An Interview with Forrest Hamer


Forrest Hamer. Photo by KwanLam Wong.

[End Page 1048]

This interview was conducted on, May 28, 2004, at Texas A&M University (College Station), where Forrest Hamer taught in the Callaloo Creative Writing Workshop.

ROWELL: I am beginning to wonder whether what we today conceptualize as literary poetry isn't something almost anachronistic. I am convinced that modern and contemporary poetry is arcane to most American general readers—that is, at this time in the United States poetry is, has become, or is perceived as a form of expressive culture created for an elite group of readers.
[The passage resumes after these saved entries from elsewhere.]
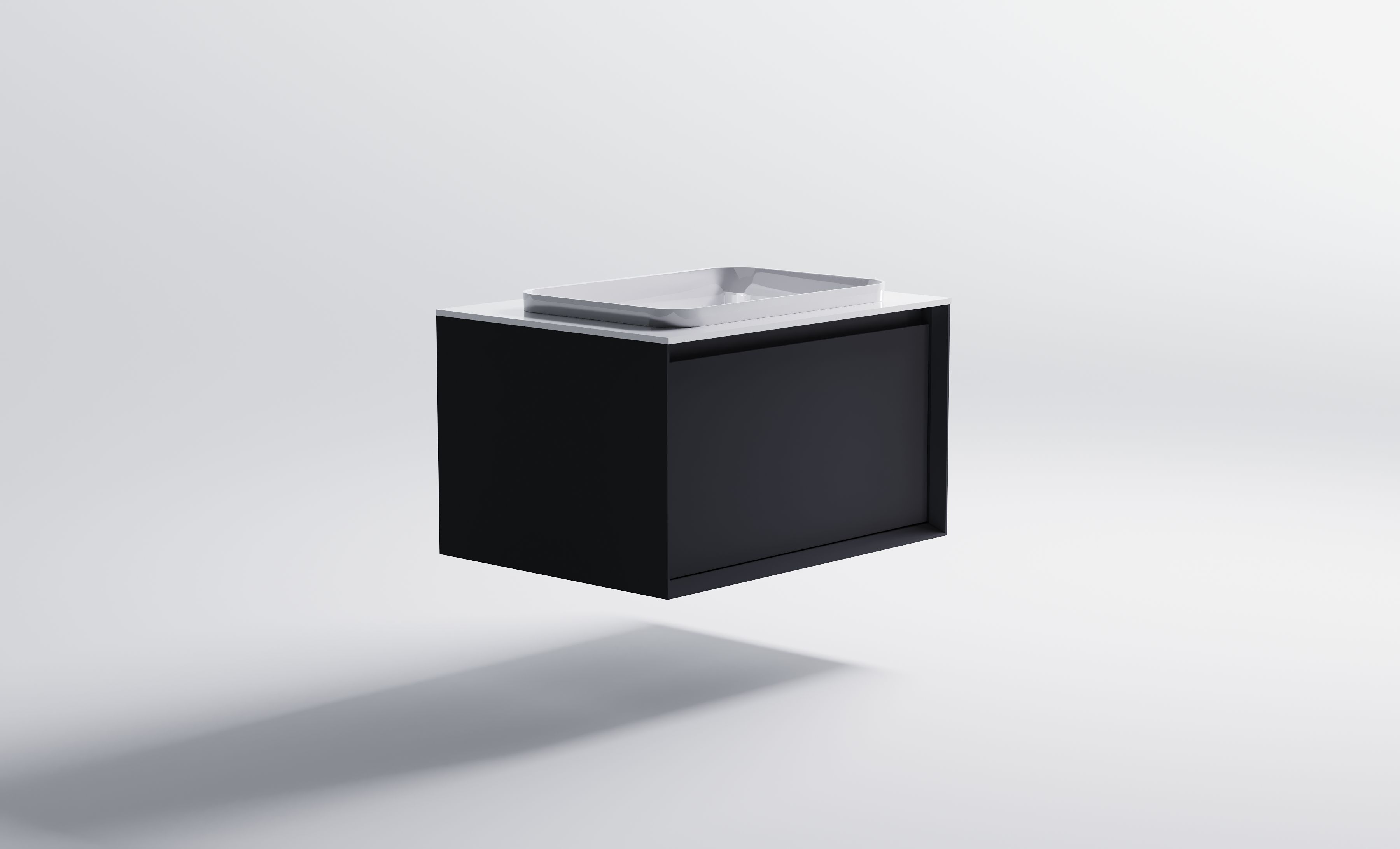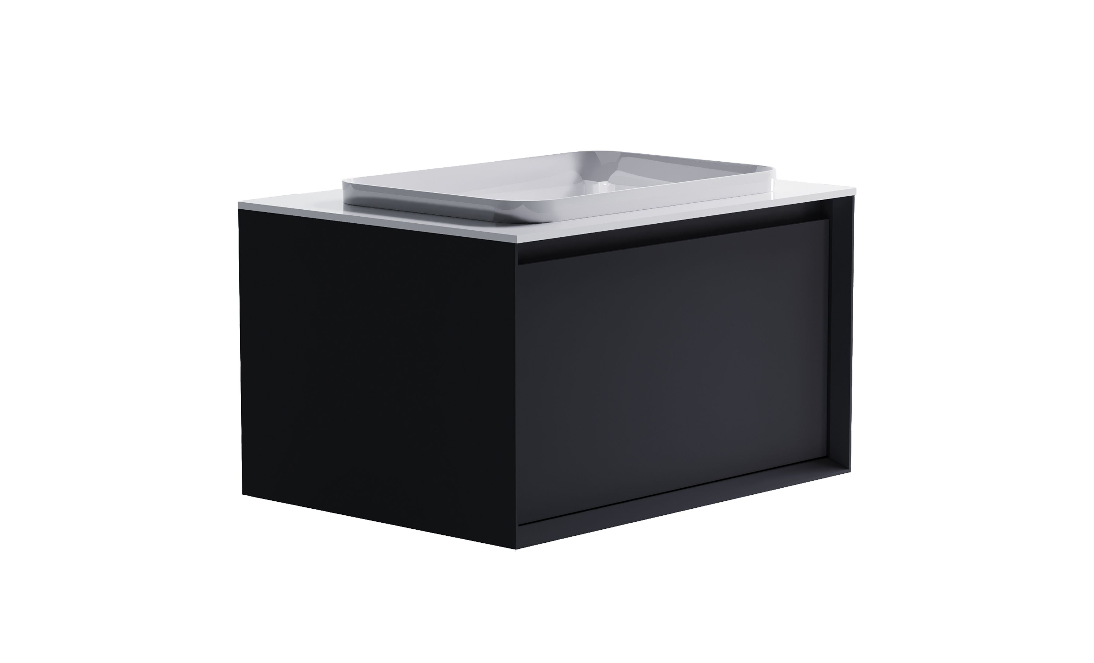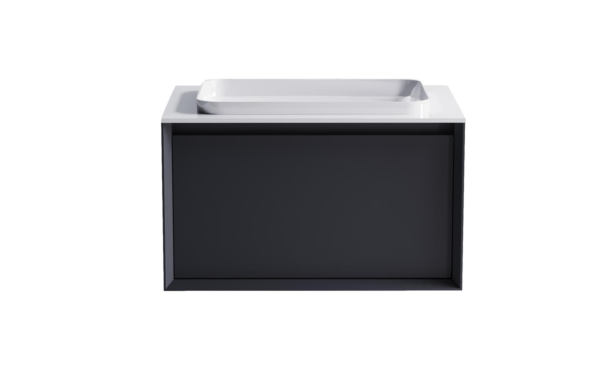 Комплектация: Нижний Шкаф Фрейм 700 с 1 ящиком темно-серый (RAL7024 матовый) + Столешница "Фрейм" 700 мм + Раковина "Антарес" 55х38 (30мм над уровнем столешницы)
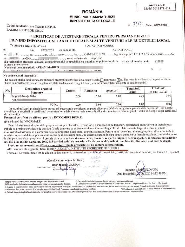Din respect pentru cetățenii și competitorii din cursa electorală vă pun la dispoziție de data aceasta și ,,Cazierul fiscal” 4175 din 02.09.2020, eliberat tocmai de Primăria Câmpia Turzii, prin Serviciul Impozite și Taxe Locale, care spune: NU EXISTĂ INSTITUITE SECHESTRE PE BUNURI, pe numele Avram Marius GAL!
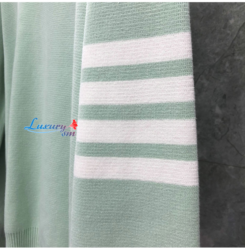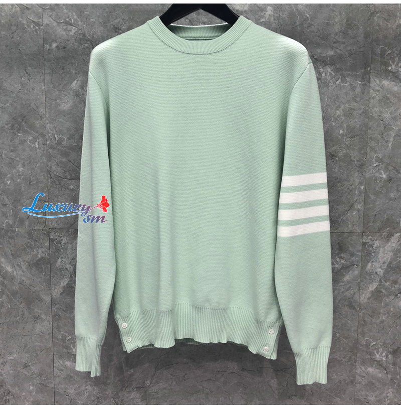 THOM BROWNE-010813 톰 브라운 민트 그린 스트라이프 장식 스웨터 남여공용
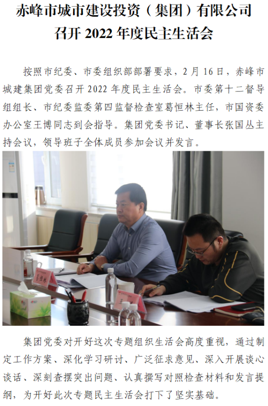 下一篇:赤峰市城市建設(shè)投資(集團(tuán))有限公司 機(jī)關(guān)黨支部召開2022年度組織生活會(huì) 和民主評議黨員大會(huì)
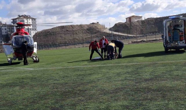 Edinilen bilgilere göre, Darende ilçesinde evinde fenalaşan 75 yaşındaki M.A., ilçedeki devlet hastanesi acil servisine kaldırıldı. Buradaki tetkiklerde beyin kanaması geçirdiği belirlenen hastanın tam teşekküllü bir hastaneye sevki için 112 Ambulans helikopter devreye alındı. Kısa sürede ilçeye gelen ambulans helikopter, ilçe stadyumundan hastayı alarak Malatya Turgut Özal Tıp Merkezi'ne nakletti.
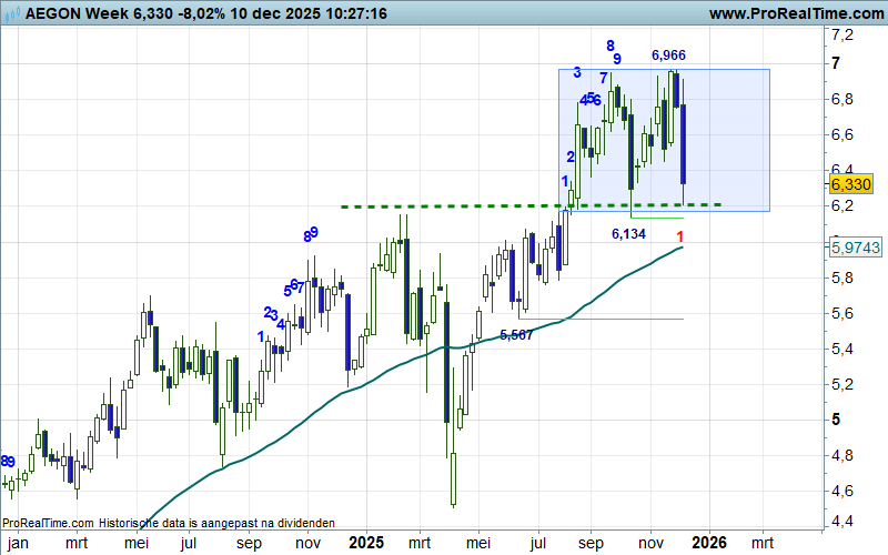 De huidige stabilisatie toont de contouren van een tradingbox met als onderlijn afgerond €6,20 en als bovenlijn €6,96. Met lange candles, afwisselend wit en zwart, zwiept de koers heen en weer tussen de genoemde krijtstrepen. Deze week een stevige zwarte candle, de beren delen een flinke tik uit. Maar zoals het er nu naar uitziet, wordt de tik opgevangen onder in de tradingbox. De beren slaan toe, maar de bulls zijn niet verslagen zolang het lukt om boven €6,2 te blijven bewegen.

Since the rise of modernism—with its complexities in art forms and its reconceptualization of art as expressive culture—poetry has garnered only a very small group of readers. In fact, legions of general readers think of modern and contemporary poetry as complex inscriptions far removed from their lives. And yet you and I know that poetry is not. We, in fact, wish the national vision were the contrary. (Even as we critique the aesthetic ideology of the Black Arts Movement of the 1960s and early 1970s, we must note that the poetry, following the dicta of its architects, did attract "the people" to poetry. In fact, the poets—never mind what we perceive as the shortcomings of some of their art and its imperatives—were "the people, and "the people" were the poets.) Where do you see yourself in this dilemma—you, the maker of poems that expect or request an audience? I assume that you would want to engage the legions of readers I spoke of earlier. I assume that you, like any literary writer, want to engage them—and rightly so—but on your own terms, rather than on those someone else might imagine, desire to propose, or attempt to impose.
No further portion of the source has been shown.